── Recorded information

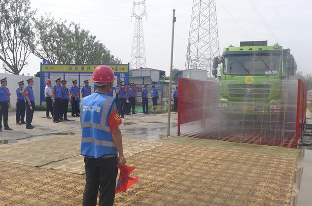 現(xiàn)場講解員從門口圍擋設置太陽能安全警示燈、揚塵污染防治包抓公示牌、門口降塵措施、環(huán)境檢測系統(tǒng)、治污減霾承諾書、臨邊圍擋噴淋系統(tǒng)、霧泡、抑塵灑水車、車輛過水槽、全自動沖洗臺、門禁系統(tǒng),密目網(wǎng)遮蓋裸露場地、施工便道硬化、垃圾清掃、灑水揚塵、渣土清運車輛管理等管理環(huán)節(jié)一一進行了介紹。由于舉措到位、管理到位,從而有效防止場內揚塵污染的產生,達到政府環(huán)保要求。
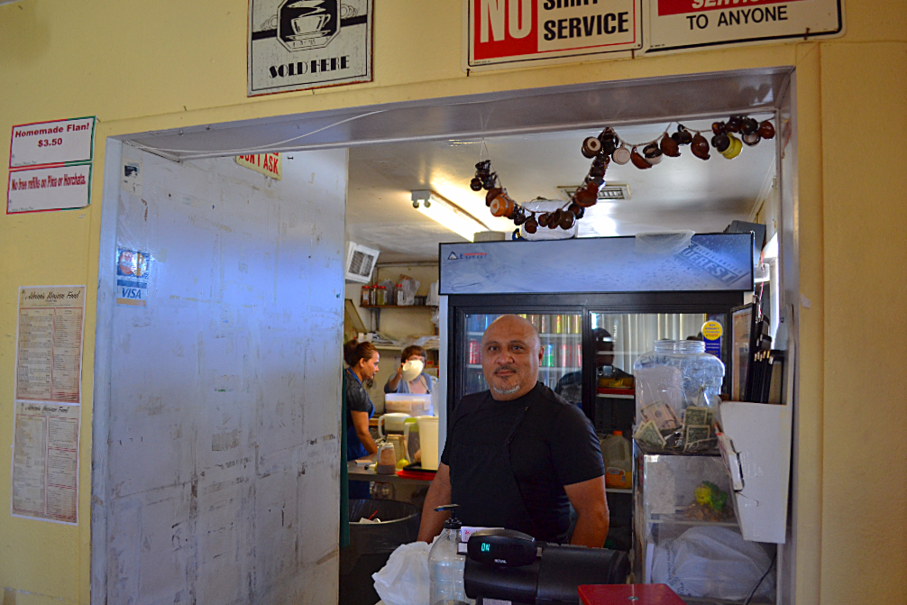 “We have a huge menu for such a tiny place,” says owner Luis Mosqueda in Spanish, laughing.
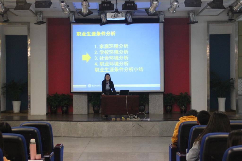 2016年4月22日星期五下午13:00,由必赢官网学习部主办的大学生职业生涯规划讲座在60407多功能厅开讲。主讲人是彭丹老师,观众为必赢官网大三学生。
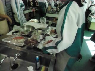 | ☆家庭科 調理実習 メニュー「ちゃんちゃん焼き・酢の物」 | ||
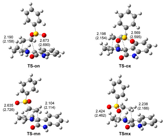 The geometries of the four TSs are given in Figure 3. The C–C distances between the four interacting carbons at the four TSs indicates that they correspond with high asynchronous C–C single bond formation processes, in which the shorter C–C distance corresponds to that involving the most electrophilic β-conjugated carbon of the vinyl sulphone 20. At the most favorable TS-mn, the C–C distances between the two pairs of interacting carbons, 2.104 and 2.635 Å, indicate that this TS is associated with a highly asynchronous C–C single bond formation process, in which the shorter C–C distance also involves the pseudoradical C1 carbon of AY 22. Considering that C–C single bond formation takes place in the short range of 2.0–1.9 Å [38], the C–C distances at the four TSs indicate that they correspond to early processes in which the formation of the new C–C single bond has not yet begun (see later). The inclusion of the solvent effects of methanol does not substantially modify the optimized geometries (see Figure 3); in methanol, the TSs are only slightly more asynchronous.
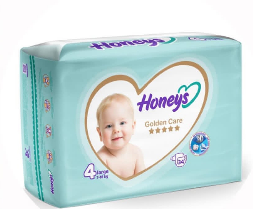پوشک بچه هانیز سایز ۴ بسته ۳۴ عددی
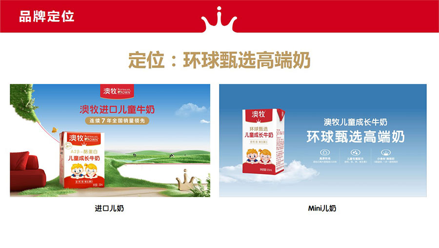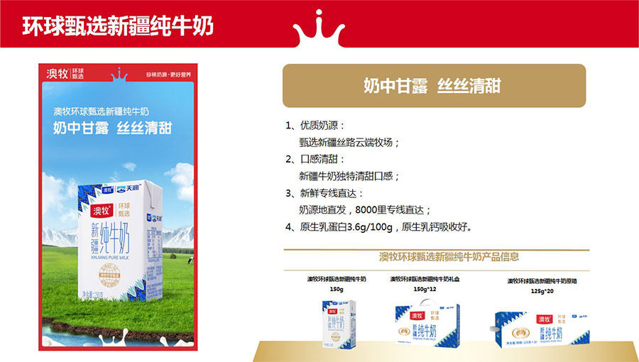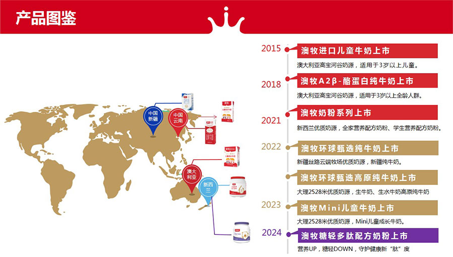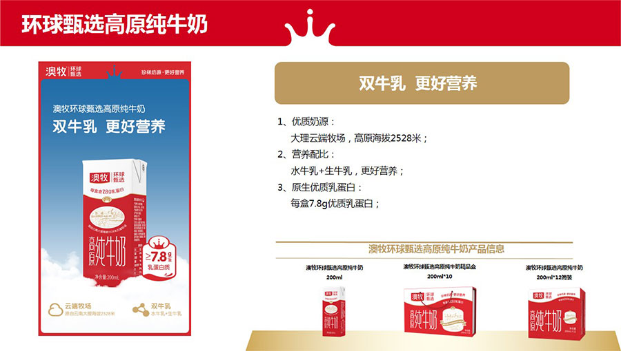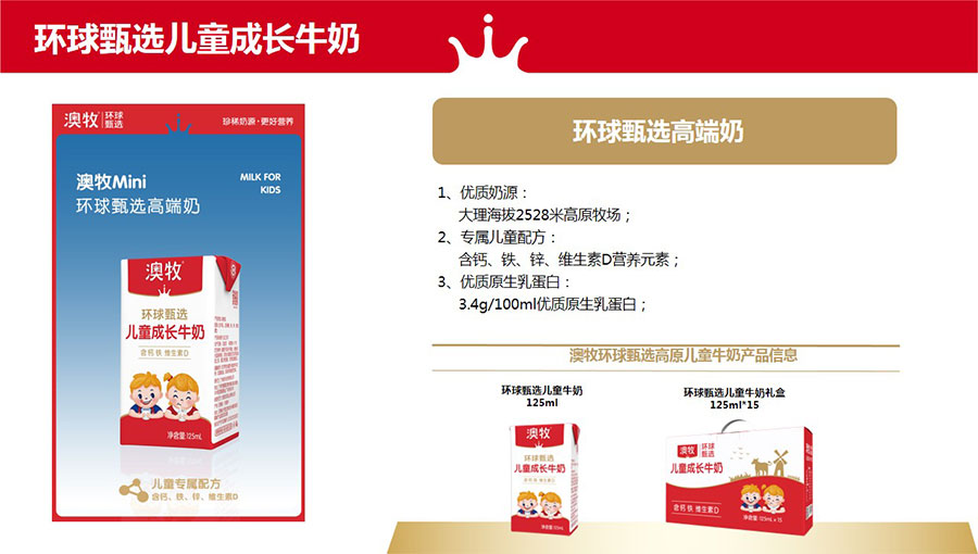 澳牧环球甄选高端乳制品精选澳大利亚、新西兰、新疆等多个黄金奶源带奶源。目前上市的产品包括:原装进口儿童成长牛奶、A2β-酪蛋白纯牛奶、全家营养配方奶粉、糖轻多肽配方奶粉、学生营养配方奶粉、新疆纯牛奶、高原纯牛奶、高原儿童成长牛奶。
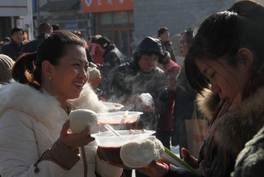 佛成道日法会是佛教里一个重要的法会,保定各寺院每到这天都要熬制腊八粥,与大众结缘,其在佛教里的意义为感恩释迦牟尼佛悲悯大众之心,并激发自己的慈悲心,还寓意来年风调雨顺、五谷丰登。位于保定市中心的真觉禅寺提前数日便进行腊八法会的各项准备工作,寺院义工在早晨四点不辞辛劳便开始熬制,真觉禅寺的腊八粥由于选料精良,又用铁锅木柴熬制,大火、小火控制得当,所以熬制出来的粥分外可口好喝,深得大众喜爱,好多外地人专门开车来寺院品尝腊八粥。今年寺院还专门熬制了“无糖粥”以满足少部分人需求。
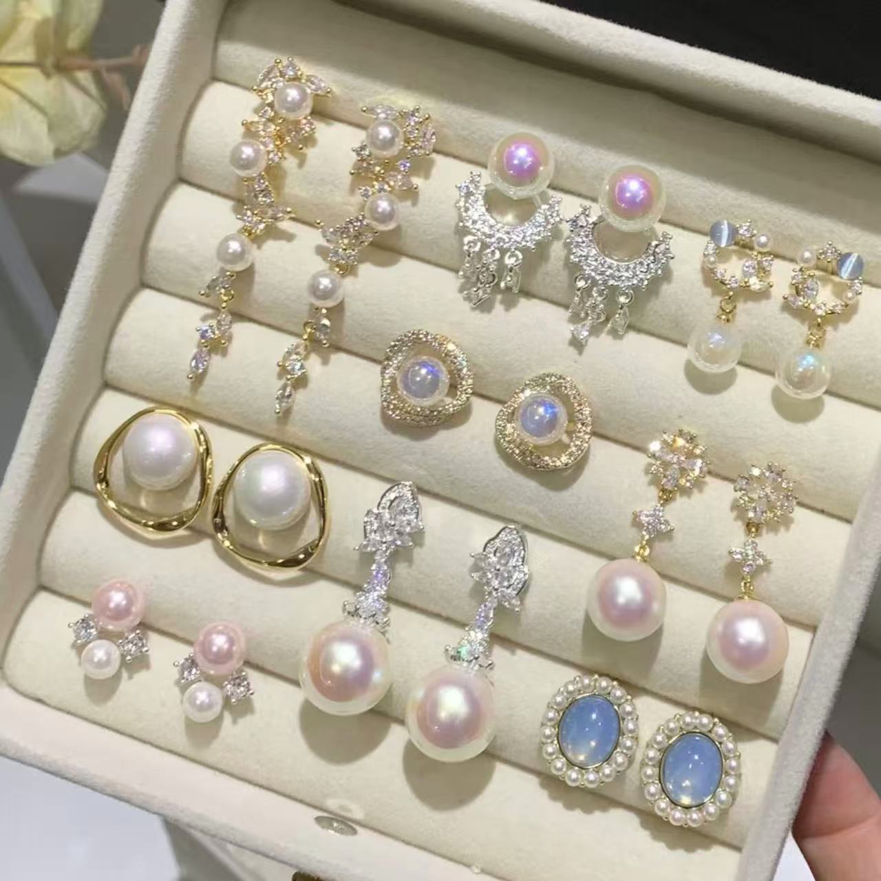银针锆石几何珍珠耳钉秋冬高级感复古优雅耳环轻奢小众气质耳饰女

────
── Recorded information

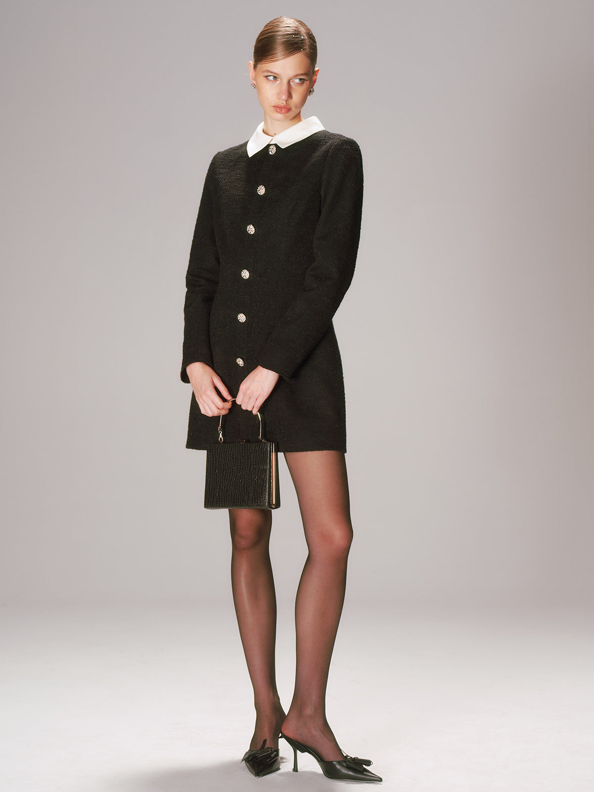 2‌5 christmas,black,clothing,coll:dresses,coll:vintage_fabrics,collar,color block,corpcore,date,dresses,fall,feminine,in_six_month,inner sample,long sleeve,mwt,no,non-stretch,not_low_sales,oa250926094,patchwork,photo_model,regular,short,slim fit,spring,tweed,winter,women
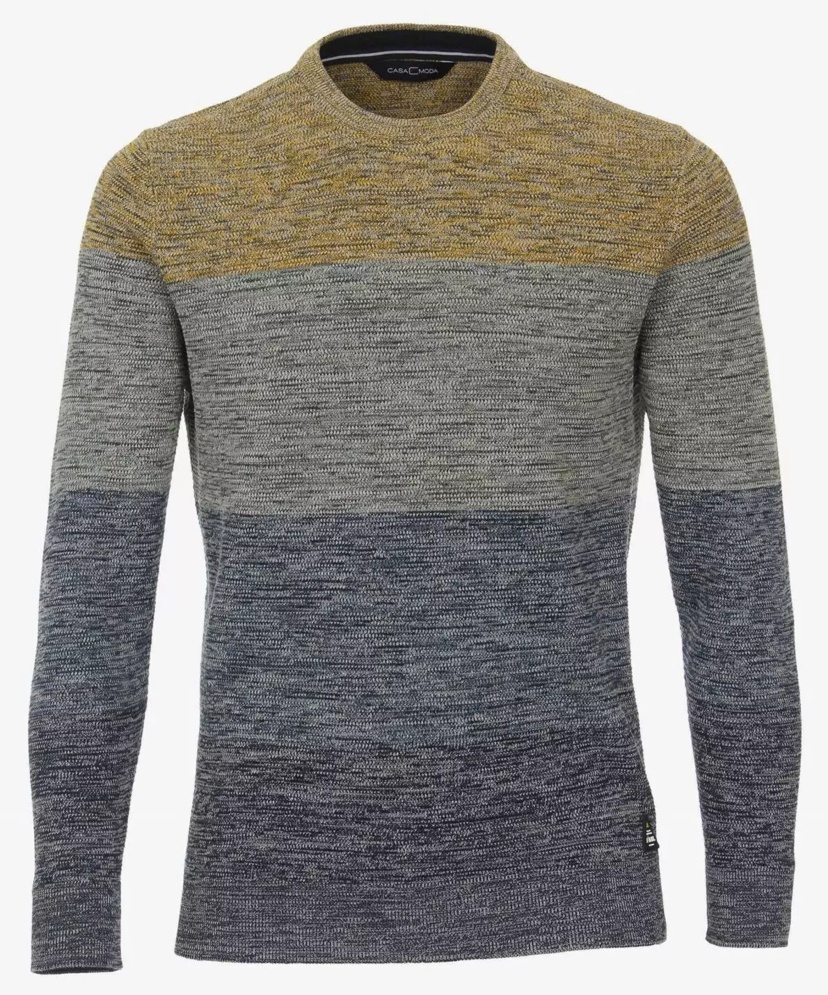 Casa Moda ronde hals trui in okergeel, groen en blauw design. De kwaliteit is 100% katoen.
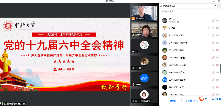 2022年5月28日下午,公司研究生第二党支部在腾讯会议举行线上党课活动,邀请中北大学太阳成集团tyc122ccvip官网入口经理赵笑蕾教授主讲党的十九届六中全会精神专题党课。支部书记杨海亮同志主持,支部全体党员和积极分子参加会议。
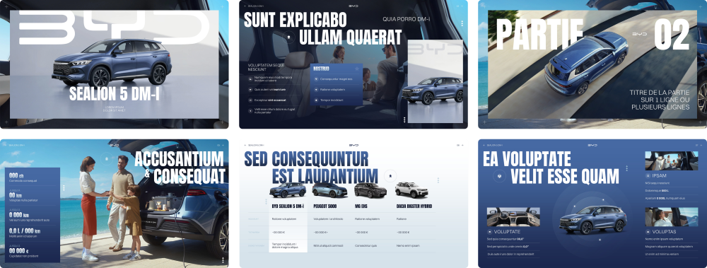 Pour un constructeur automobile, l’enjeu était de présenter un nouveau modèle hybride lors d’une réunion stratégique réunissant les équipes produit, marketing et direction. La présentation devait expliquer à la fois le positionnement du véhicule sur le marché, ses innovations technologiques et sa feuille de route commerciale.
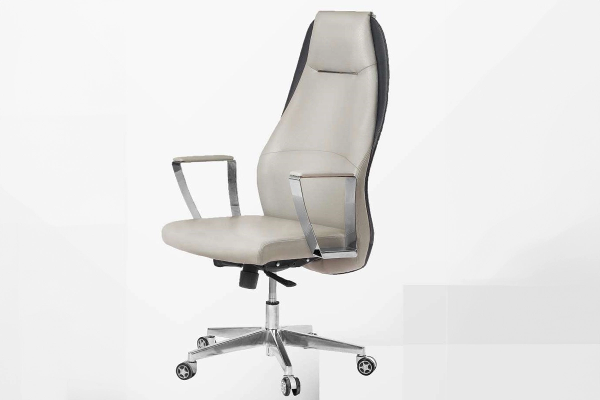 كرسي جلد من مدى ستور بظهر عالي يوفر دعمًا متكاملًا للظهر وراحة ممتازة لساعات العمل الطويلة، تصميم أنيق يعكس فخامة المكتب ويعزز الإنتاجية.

────
── Recorded information

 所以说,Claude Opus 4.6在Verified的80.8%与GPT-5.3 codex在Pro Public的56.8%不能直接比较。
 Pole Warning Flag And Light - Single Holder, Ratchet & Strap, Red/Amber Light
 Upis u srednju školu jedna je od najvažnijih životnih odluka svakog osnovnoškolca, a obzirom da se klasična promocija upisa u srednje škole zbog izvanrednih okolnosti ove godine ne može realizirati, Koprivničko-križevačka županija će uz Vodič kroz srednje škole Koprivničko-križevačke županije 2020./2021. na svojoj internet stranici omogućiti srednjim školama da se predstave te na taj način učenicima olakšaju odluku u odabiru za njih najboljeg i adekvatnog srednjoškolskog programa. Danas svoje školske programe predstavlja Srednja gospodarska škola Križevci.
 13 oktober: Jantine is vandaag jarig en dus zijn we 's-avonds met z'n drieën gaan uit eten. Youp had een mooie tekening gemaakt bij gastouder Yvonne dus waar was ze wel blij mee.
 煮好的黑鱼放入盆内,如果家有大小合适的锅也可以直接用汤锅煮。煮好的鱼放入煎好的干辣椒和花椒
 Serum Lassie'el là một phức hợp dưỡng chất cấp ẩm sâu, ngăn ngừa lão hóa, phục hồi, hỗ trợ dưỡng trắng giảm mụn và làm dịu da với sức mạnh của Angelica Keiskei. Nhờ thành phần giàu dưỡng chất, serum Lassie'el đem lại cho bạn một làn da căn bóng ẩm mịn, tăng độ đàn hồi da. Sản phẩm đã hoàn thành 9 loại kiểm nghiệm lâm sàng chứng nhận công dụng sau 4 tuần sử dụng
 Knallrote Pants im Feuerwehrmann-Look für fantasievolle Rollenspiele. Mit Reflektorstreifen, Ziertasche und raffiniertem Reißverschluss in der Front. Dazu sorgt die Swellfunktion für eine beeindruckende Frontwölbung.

────

▸ **Aim of the task**
Take the entries above and copy exactly the lines starting at the one with "現(xiàn)場講解員從門口" and ending at the one with "メニュー「ちゃんちゃん焼き・酢の物」 | ||"; nothing outside that span, and no pictures.

▸ **Written answer**
 現(xiàn)場講解員從門口圍擋設置太陽能安全警示燈、揚塵污染防治包抓公示牌、門口降塵措施、環(huán)境檢測系統(tǒng)、治污減霾承諾書、臨邊圍擋噴淋系統(tǒng)、霧泡、抑塵灑水車、車輛過水槽、全自動沖洗臺、門禁系統(tǒng),密目網(wǎng)遮蓋裸露場地、施工便道硬化、垃圾清掃、灑水揚塵、渣土清運車輛管理等管理環(huán)節(jié)一一進行了介紹。由于舉措到位、管理到位,從而有效防止場內揚塵污染的產生,達到政府環(huán)保要求。
 “We have a huge menu for such a tiny place,” says owner Luis Mosqueda in Spanish, laughing.
 2016年4月22日星期五下午13:00,由必赢官网学习部主办的大学生职业生涯规划讲座在60407多功能厅开讲。主讲人是彭丹老师,观众为必赢官网大三学生。
 | ☆家庭科 調理実習 メニュー「ちゃんちゃん焼き・酢の物」 | ||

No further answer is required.